WebApplicationFactory — Real HTTP Tests Without a Server

Test ASP.NET Core APIs end-to-end with WebApplicationFactory: in-memory HTTP client, service replacement, authentication setup, and the patterns for fast integration tests that catch real bugs.

Asma Hafeez KhanMay 16, 20265 min read
TestingWebApplicationFactoryIntegration TestsASP.NET Core.NET
Share:𝕏

What WebApplicationFactory Does

WebApplicationFactory<TProgram> starts your entire ASP.NET Core application in-process, wired up exactly as it runs in production — middleware, DI, routing, authentication — but with an in-memory HTTP client. No network port needed.

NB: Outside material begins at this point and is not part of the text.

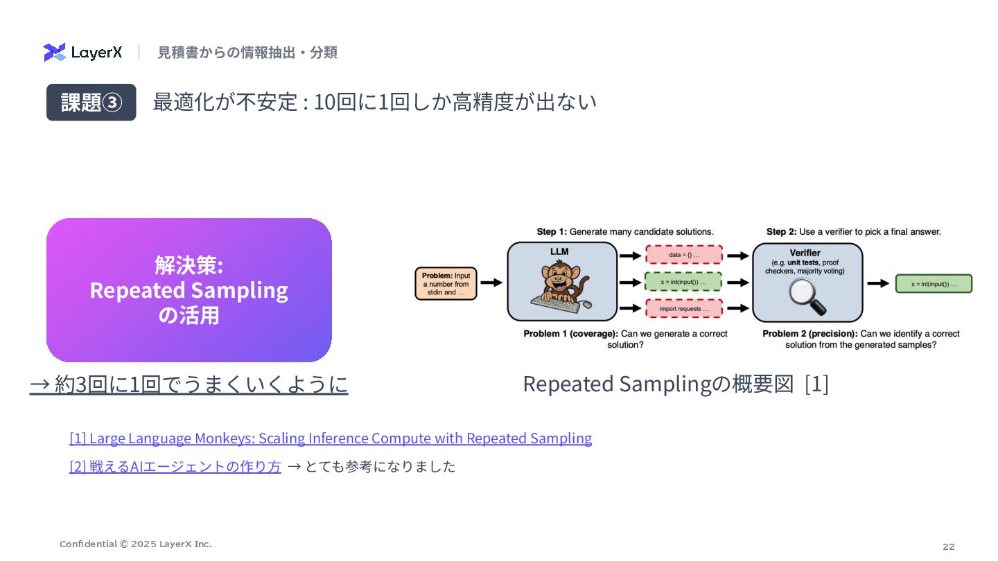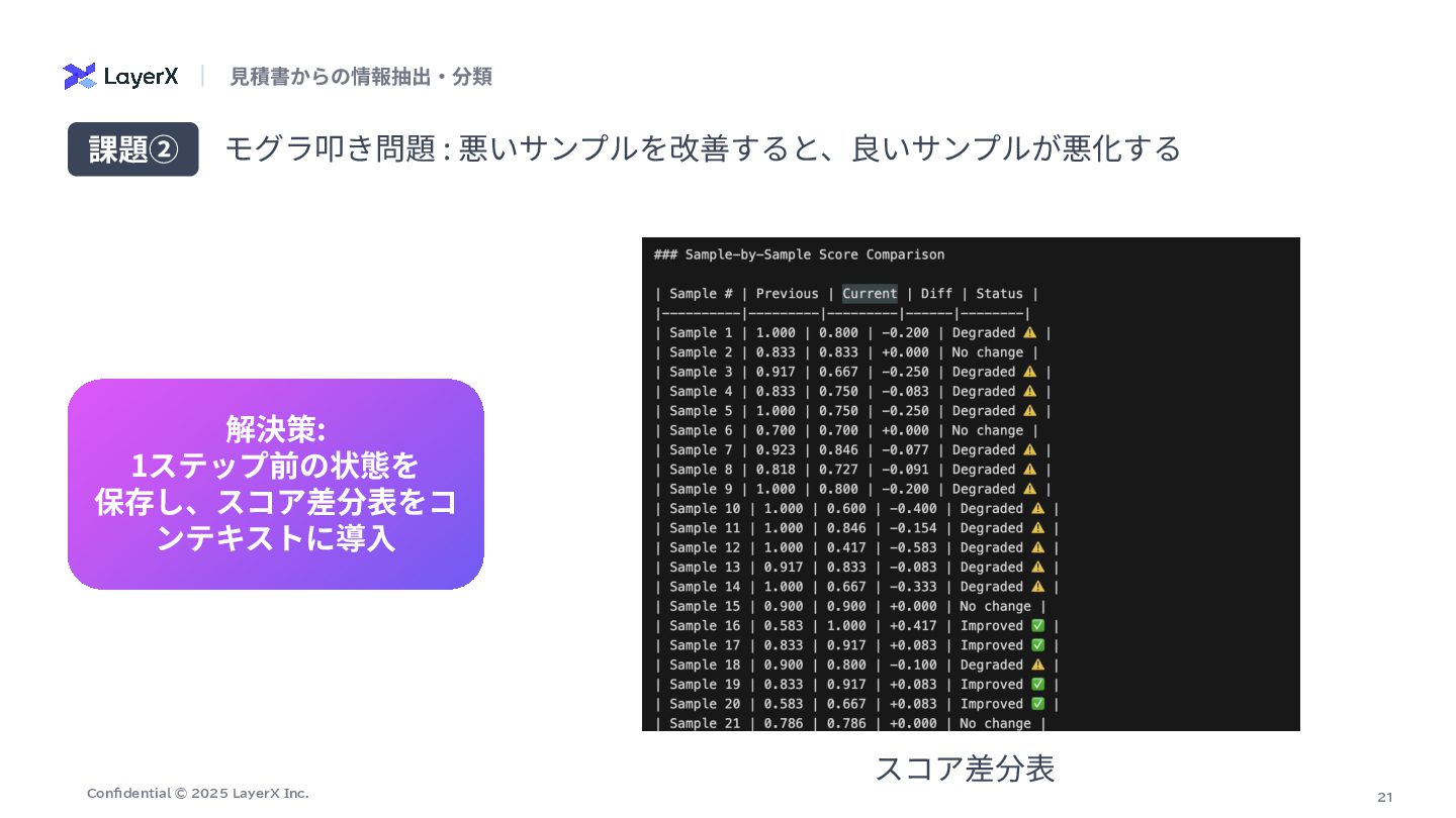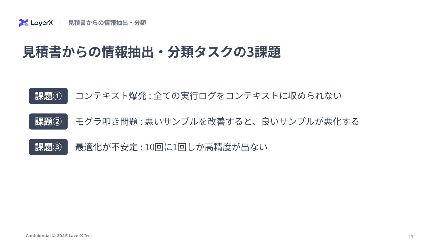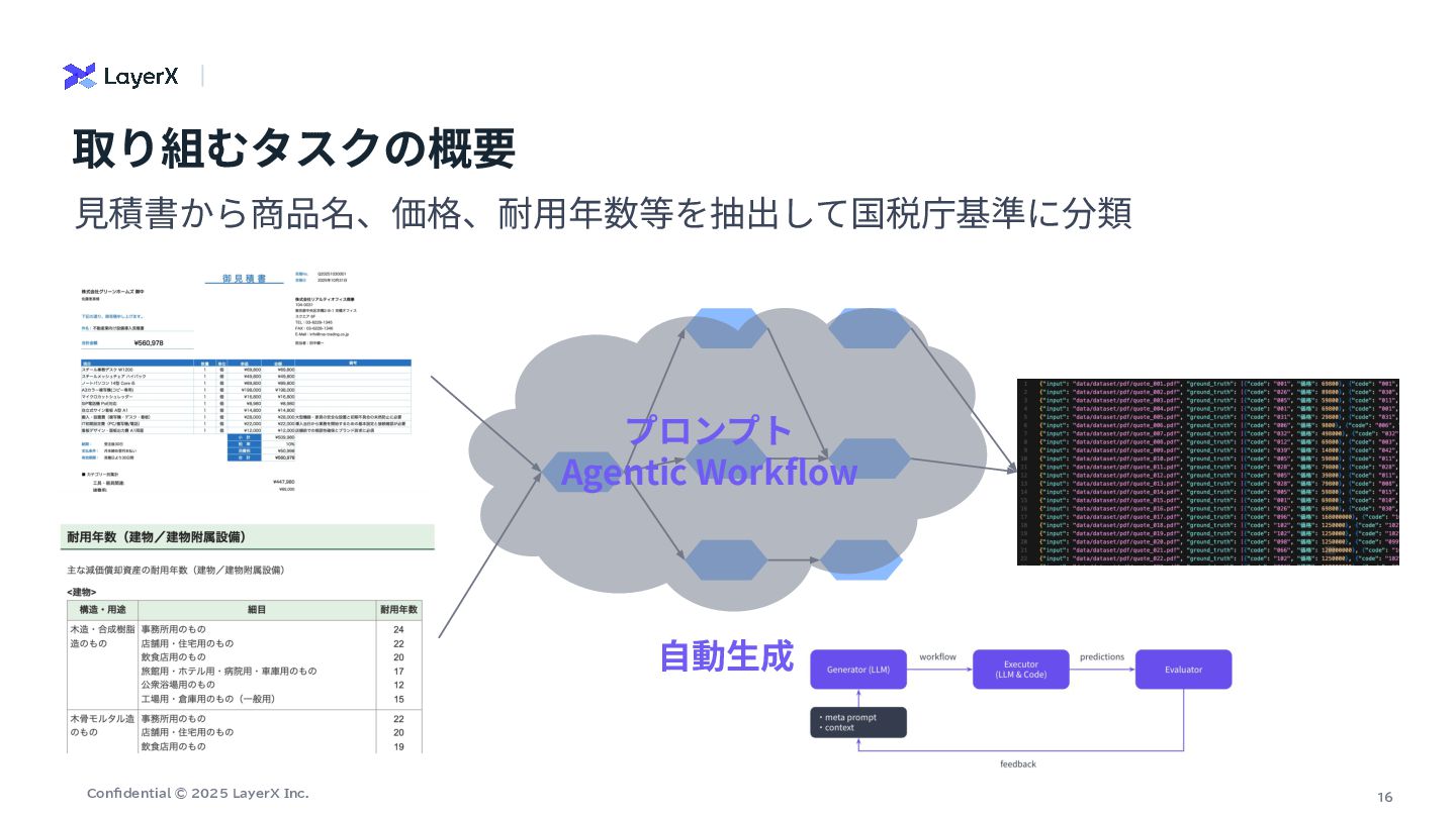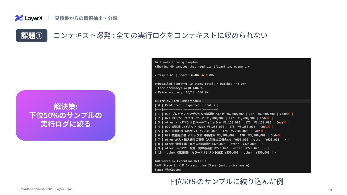 # 抽出ポリシー(価格の選択) - ⾏内に数量(数量、Qty、台、式、セット、m、個 等)が明⽰され、明らかに数量>1の場合は「単価(unit_price)」を価格として採⽤する。 - 数量が1または数量が明確でない場合は「⾏合計(line_total)」を価格として採⽤する。 - 単価‧合計のどちらとも特定できない場合のみ price_source="unknown" とし、推測や計算はしない。 # 厳守ルール: - 計算や単位変換を⾏わない(表⽰されている整数値をそのまま採⽤)。 - OCR誤読補正をしない(⾒えた⽂字‧数字をそのまま使う)。 - 数字が複数並ぶ場合は、列⾒出しと⽔平⽅向の対応から「単価」「合計/⾦額/⼩計」欄を判断する。右端の⾦額列が合計欄であることが多いが、数量>1のときは合計ではなく単価欄を 優先する。 - ⾒出し/カテゴリ合計(例: 「その他設備」「諸費⽤」「⾞両関連」「⼯具‧器具関連」「⼩計」「合計」「消費税」等)は品⽬ではなく、row_roleを適切に付与 (heading/category_summary/subtotal/tax/grand_total/shipping_total)し、単価‧合計の選択はしない。 - 値引きは符号を保持。通貨記号やカンマは除去し整数化。 row_role と price_source: - row_role: one of ["item","service","work","discount","heading","category_summary","subtotal","tax","grand_total","shipping_total"] - price_source: one of ["unit_price","line_total","subtotal","category_total","grand_total","tax","unknown"] # 出⼒形式(JSONオブジェクト、説明⽂禁⽌) { "items": [ { "商品名": "<⾏テキスト>", "価格": <整数>, "row_role": "<上記のいずれか>", "price_source": "<上記のいずれか>", "数量": <整数またはnull>, "unit_price": <整数または null>, "line_total": <整数またはnull> } , ... ] } # 補⾜ - 「数量」「unit_price」「line_total」は判読できた範囲で記録(無ければnull)。 - サービス‧⼯事(据付/搬⼊/試運転/教育/申請 等)は row_role を "service" または "work" とする。 - 表が乱れている場合でも、その⾏テキストに最も紐づく列の値を選ぶ。 ⽣成されたプロンプト : VLM(商品名と価格の抽出)ノード

Advantages over mocking HTTP:
  ✓ Tests real middleware pipeline (auth, rate limiting, error handling)
  ✓ Tests real routing (endpoint mapping, route constraints)
  ✓ Tests real DI (missing registrations, scoping issues)
  ✓ Tests real serialization (JSON converters, property naming)
  ✓ Fast — no TCP, no external process

Basic Setup

C#
// tests/Integration.Tests/SystemForgeWebApplicationFactory.cs
public sealed class SystemForgeWebApplicationFactory
    : WebApplicationFactory<Program>
{
    protected override void ConfigureWebHost(IWebHostBuilder builder)
    {
        builder.UseEnvironment("Testing");

        builder.ConfigureTestServices(services =>
        {
            // Replace real DB with in-memory for basic integration tests
            // (Use Testcontainers for full fidelity — see next lesson)
            services.RemoveAll<DbContextOptions<AppDbContext>>();
            services.AddDbContext<AppDbContext>(options =>
                options.UseInMemoryDatabase("TestDb"));

            // Replace email service with a fake
            services.RemoveAll<IEmailService>();
            services.AddSingleton<IEmailService, FakeEmailService>();
        });
    }
}

// Test class
public class PatientsApiTests : IClassFixture<SystemForgeWebApplicationFactory>
{
    private readonly HttpClient _client;

    public PatientsApiTests(SystemForgeWebApplicationFactory factory)
    {
        _client = factory.CreateClient();
    }

    [Fact]
    public async Task POST_patients_should_return_201_with_id()
    {
        var response = await _client.PostAsJsonAsync("/api/patients", new
        {
            Name        = "John Smith",
            DateOfBirth = "1985-03-15",
            MRN         = "MRN-001"
        });

        response.StatusCode.Should().Be(HttpStatusCode.Created);

        var body = await response.Content.ReadFromJsonAsync<JsonElement>();
        body.GetProperty("id").GetGuid().Should().NotBeEmpty();
    }
}

Authentication in Tests

C#
// Approach 1: Issue a real JWT for the test user
public class AuthenticatedWebApplicationFactory : WebApplicationFactory<Program>
{
    private readonly string _role;

    public AuthenticatedWebApplicationFactory(string role = "Doctor")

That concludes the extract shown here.